Muharrem İnce, a former Republican People’s Party (CHP) member and the party’s presidential candidate in 2018, now leads the Homeland Party (MP) and is on a mission to gather signatures to secure his place on the presidential ballot. However, his candidacy has been met with skepticism from various segments of Turkish society, with concerns about whether İnce’s bid will bring about any positive change or, worse, tip the scales in favor of the Justice and Development Party (AKP) government led by President Recep Tayyip Erdoğan.

Turkey will hold its presidential election on May 14, with 11 prospective candidates currently collecting signatures to compete in the race.

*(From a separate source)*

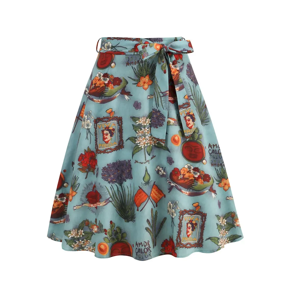 Women Fashion Graffiti Printed Lace-Up Bowknot Tight A- Line Skirt – Premium Fashion Apparel for Modern Life

The primary contenders are President Erdoğan, who is seeking re-election, and Kemal Kılıçdaroğlu, the presidential candidate of an opposition bloc of six parties known as the Nation Alliance.

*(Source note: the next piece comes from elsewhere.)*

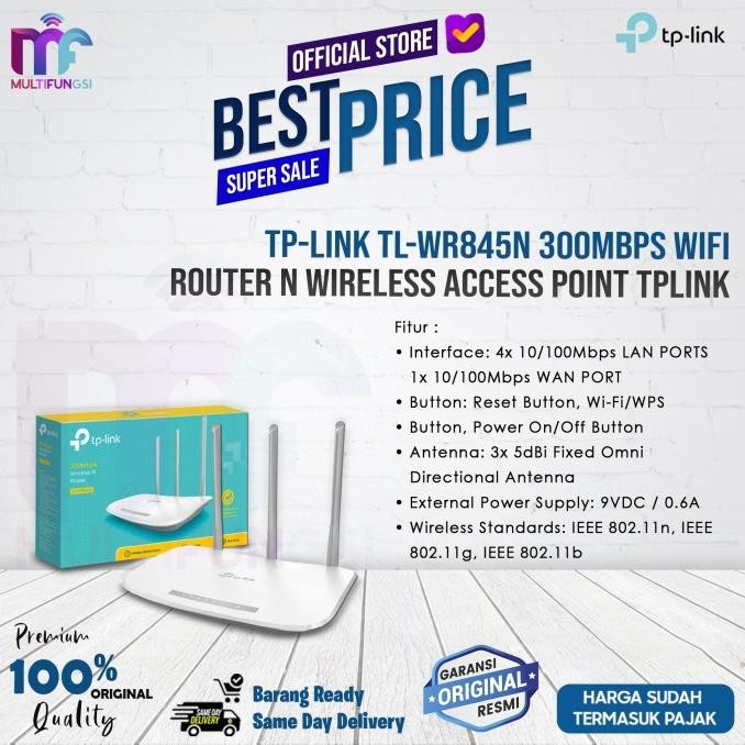 TP-LINK TL-WR845N adalah Wireless N Router yang merupakan kombinasi dari Network Wired dan Wireless untuk menghubungan perangkat Anda dengan Internet, yang terdiri dari 4 Port Switch. Dengan mengadopsi teknologi terkini MIMO (Multi Input Multi Output) secara bersamaan dapat berkerja melalui 3 antena dalam mengirim (Tx) dan meneriama (Rx) untuk mengatasi interferensi dan degradasi ketika melalui jarak yang jauh ataupun ketika melewati penghalang fisik. Hasilnya sangat luar biasa peningkatan performa dari wireless ini. Sekarang ini Anda dapat menikmati berbagai macam aplikasi yang memakan Bandwidth cukup besar seperti HD Video Streaming secara wireless tanpa menggunakan teknologi WiFi 802.11g lagi, dari manapun di dalam seluruh Rumah atau Halaman Anda dengan menggunakan Router ini TP-LINK TL-WR845N.

İnce initially gained recognition during the 2018 presidential election campaign, when he ran as the CHP’s candidate and secured 30.6 percent of the vote.

However, his response when the polls closed, when his supporters expected leadership from him, is still harshly criticized. He conceded defeat against Erdoğan on election night in 2018, before Erdoğan’s victory was certain, urging the re-elected Turkish president to embrace all the country’s citizens.

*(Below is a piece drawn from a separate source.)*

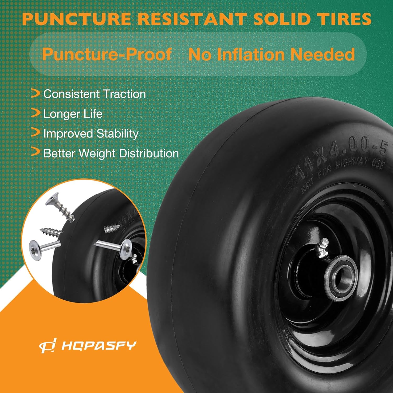 Upgrade your lawn equipment with HQPASFY’s Flat-Free Lawn Mower Tires and Wheels – built for durability, stability, and convenience.Products Include:2 Pack 11x4.00-5 flat free tires4 PCS 5/8" bearings4 PCS 1/4" long spacers4 PCS spacersThis flat-free tire and wheel set offers the perfect balance of durability, functionality, and convenience. Whether you’re mowing your backyard or working on a commercial landscaping project, these tires ensure smooth, uninterrupted operation.

“I accept the election results,” İnce had said at the time, which earned him widespread criticism for failing to stand behind the votes of the people who supported him amid suspicions of election fraud.

Many say İnce’s candidacy could weaken Kılıçdaroğlu’s chances of winning since his likely voters will be from among people supporting Kılıçdaroğlu, not Erdoğan.

Following a falling out with the CHP in 2021, İnce formed his own party and has now set his sights on the presidency once again.

Both triumphs and setbacks have marked İnce’s political career. After an impressive run in the 2018 presidential election, during which he secured 30.64 percent of the vote as the CHP’s candidate, İnce has struggled to maintain his momentum. As a Kemalist figure, İnce attempted to unite Turkey’s secularist and nationalist factions but ultimately fell short of achieving a majority. Now, as he vies for the presidency once again, his campaign faces an uphill battle against the main opposition candidate, Kılıçdaroğlu, and the incumbent Erdoğan.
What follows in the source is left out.